The Convention on Cluster Munitions, which has so far been signed by 107 states, will enter into force on Sunday, some six months after more than 30 countries ratified the treaty, which was concluded in 2008.

The treaty prohibits the countries that have ratified it from using, producing and stockpiling the weapons.

The agreement "highlights not only the world's collective revulsion at these abhorrent weapons, but also the power of collaboration among governments, civil society and the United Nations to change attitudes and policies on a threat faced by all humankind," Ban said.

"Such cooperation will be crucial as we seek now to implement the Convention, including through assistance to victims."
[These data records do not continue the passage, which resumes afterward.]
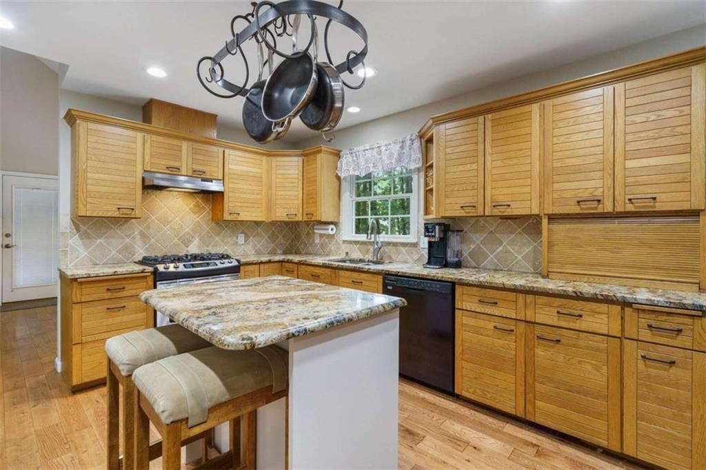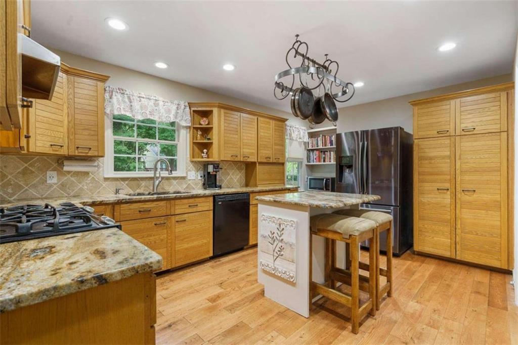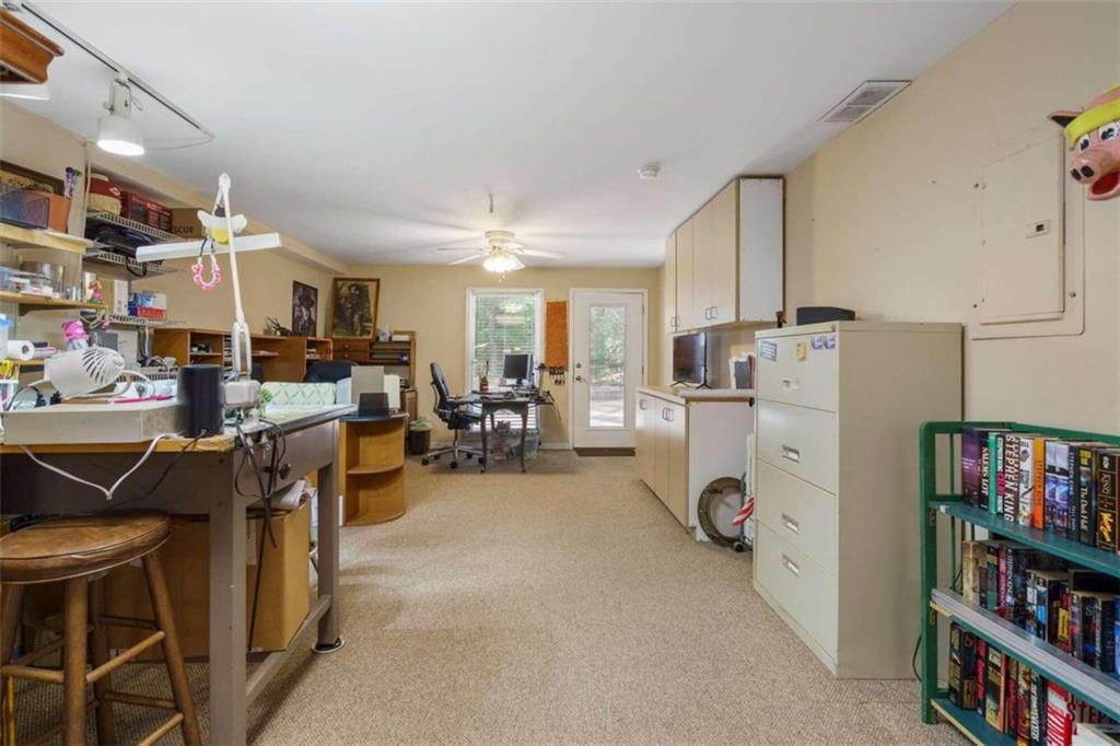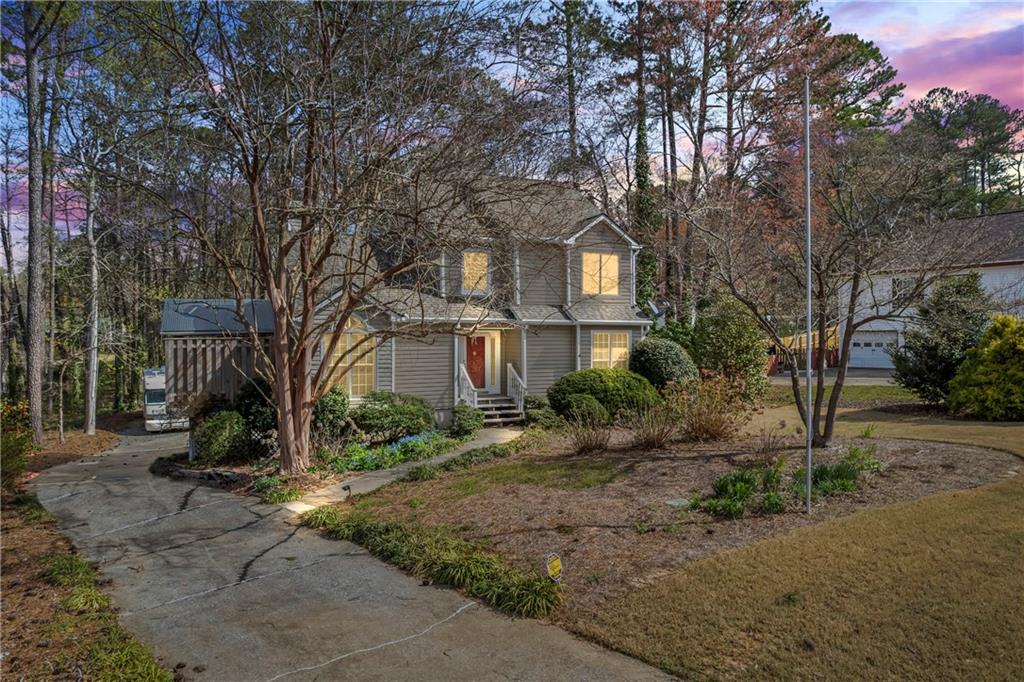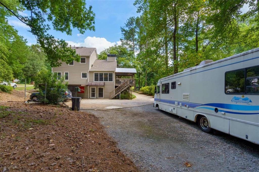 Truly unique, one of a kind home in fabulous Kennesaw location! Minutes to highways, shops, restaurants, excellent schools and more. This home has been professionally reconfigured to include a spacious kitchen with granite countertops, center island, and thoughtfully designed custom cabinetry. You'll find an appliance garage, bread safe, sheet pan cabinets, spice cabinets, lazy susan's, built in cutting boards and so much more! Escape to the covered side porch where you'll find a true private oasis to relax and enjoy the surrounding nature, or a soak in the jacuzzi. Master on main with updated ensuite bath. Two oversized secondary bedrooms share a guest bath upstairs. The basement/garage area of this home has been professionally finished to include an office/gym on one side and a dream workshop on the other. Carport added to exterior of workshop. Special features of this home include a dual fuel range/convection oven/gas cooktop, professionally landscaped front yard with irrigation system, central vacuum, USB ports(every room), hardwired alarm system and custom built in shelving. There is RV parking in the rear of the home, as well as an RV sewage extraction pump.
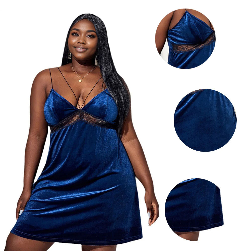 Women Plus Size Velvet Hollow Lace Babydoll.The top is also designed with a small amount of lace details on the chest, adding a touch of sexiness and mystery to the overall design. This feature is perfect for women who want to feel confident and sexy while lounging around the house.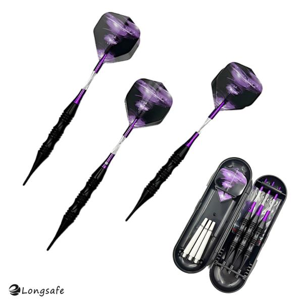 マイダーツ セット 矢 アルミ シャフト初心者 中級者 入門用 ダーツ 紫 バレル フライト チップ 2BA ソフトダーツ ケース 付き(DAR20-PL)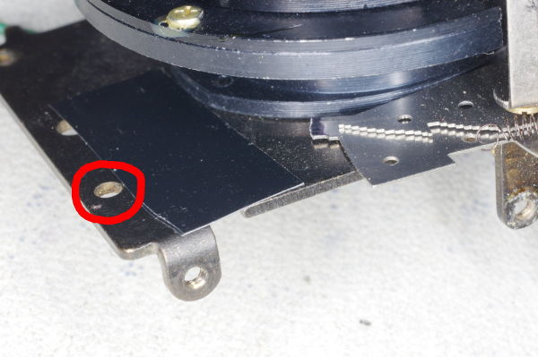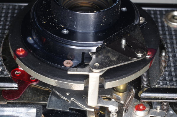 | The spring has been installed, and is pulling the aperture into its wide-open position. Pushing down on the screwhead (at the right end of the spring) should close the aperture. This is a variant 2 mechanism. |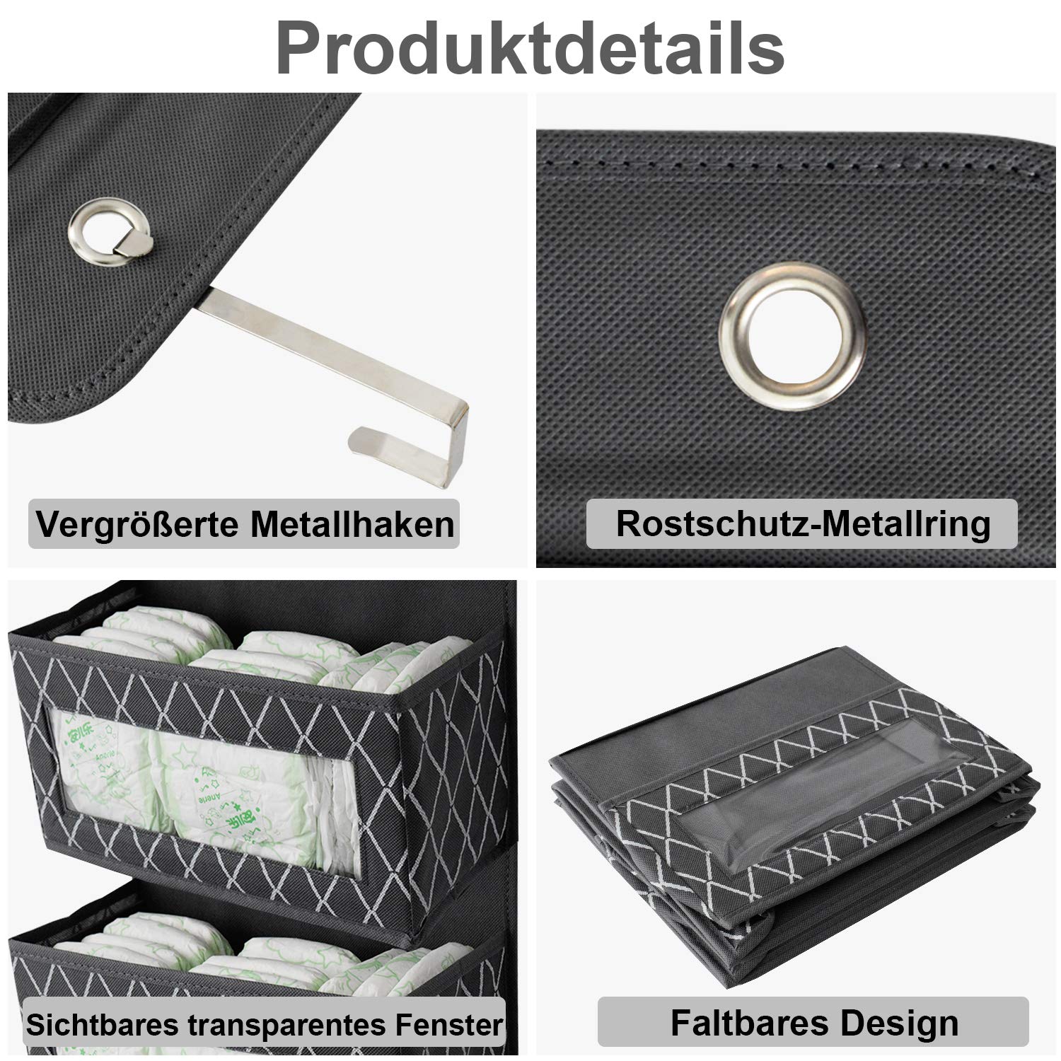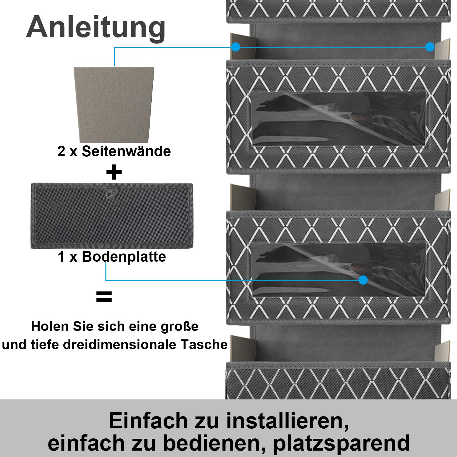 ["👓【Durable & High Quality】 Door organizer hanging organizer made of breathable, odorless non-woven fabric. Each pocket at the bottom and on both sides contains sturdy cardboard to maintain its shape very well. Unlike other back designs, our hanging door organizer also contains sturdy cardboard on the back, making our item very sturdy and beautiful.","🌈【Large Capacity】Extra Large bathroom organizer hanging design Product size: 49.6 x 12.2 x 5 inches. Has 5 large multifunctional compartments, each pocket size 12.2 x 5 x 6 inches.","🧣【Versatile Design】 Door organizer for bathroom can neatly store and classify socks, diapers, baby wipes, panties, toiletries, scarves, hats, towels, bottles, toys, snack food supplies, bath and beauty items, and other personal or family items. You can place it in children's rooms, bathrooms, pantries, laundry rooms, playrooms, apartments.","🥰【Easy to Assemble】The hanging door organizer can be hung on most doors and shelves with two metal hooks that fit most doors, or it can be mounted on the wall with nails or through the wear-resistant holes of the hooks.","💖【Foldable & Clear Window】 The foldable hanging shelf with clear window design allows you to quickly find what is neatly stored inside the bathroom hanging organizer. When not in use, it can be folded and placed behind the door, under the bed, or in a drawer to save space in your home."]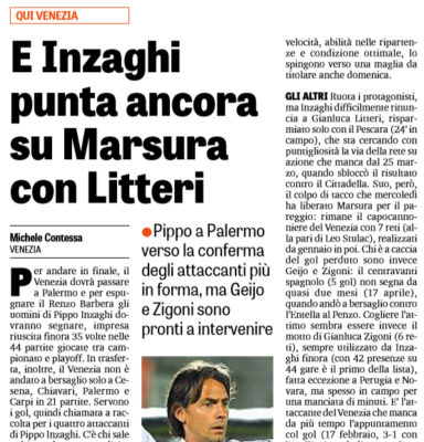 In vista della semifinale di ritorno tra Venezia e Palermo valida per i play off di serie B, il quotidiano...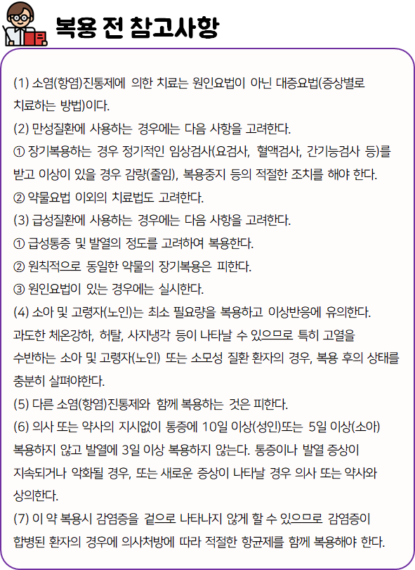 이 의약품은 열을 내리고 염증을 가라앉히며 통증을 해소하는 약이니 참고하시길 바랍니다.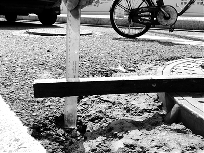 昨天,记者来到尹老伯所说的黎明东路延伸段一探究竟。这条约200米的柏油路刚铺设不久,道路中间还有尚未设置好的隔离墩。200米之外靠近杨府山小区路段是约20米的石子路,一路走来,目测有20多个窨井盖,记者简略测量了一下,它们平均高于路面5至8厘米。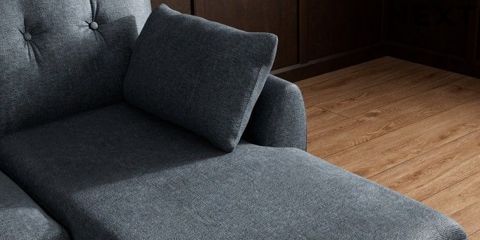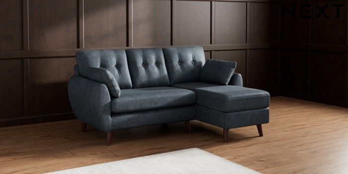 7.3.1 Buy Wilson Buttoned Back Small Sofa Chaise - Right Hand Plush Chenille Slate Blue Retro Tapered - Dark Brown from the Seasons online shop Click here to use our website with more accessibility support, for example screen readers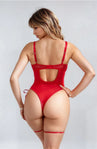 Red Faux Leather Look & Mesh Bodysuit with Garter Straps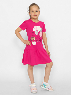 Платье для девочки отрезное по линии ниже талии. Юбка со сборкой по шву притачивания. Рукава короткие, со сборкой по окату. Горловина обработана узким воротником из полотна с эластаном. Перед платья декорирован принтом c объемной вышивкой "suzine" "Пусть летят твои мечты".

Cluster bombs or shells open before impact and scatter multiple -- often hundreds -- small "bomblets" over a wide area.

Many fail to explode immediately and can lie dormant for several years, killing or maiming hundreds of civilians, often long after conflicts have ended in regions such as Southeast Asia, the Balkans, and southern Lebanon.

Often the casualties are children who have found and picked up the munitions.

The signatories include producer nations with military stockpiles of more than 100 million of the bomblets such as Britain, Germany, and France.

Major military powers including China, Russia, the United States and Israel, which are thought to account for the huge bulk of the estimated one billion bomblet global stockpile, have so far have rejected the treaty.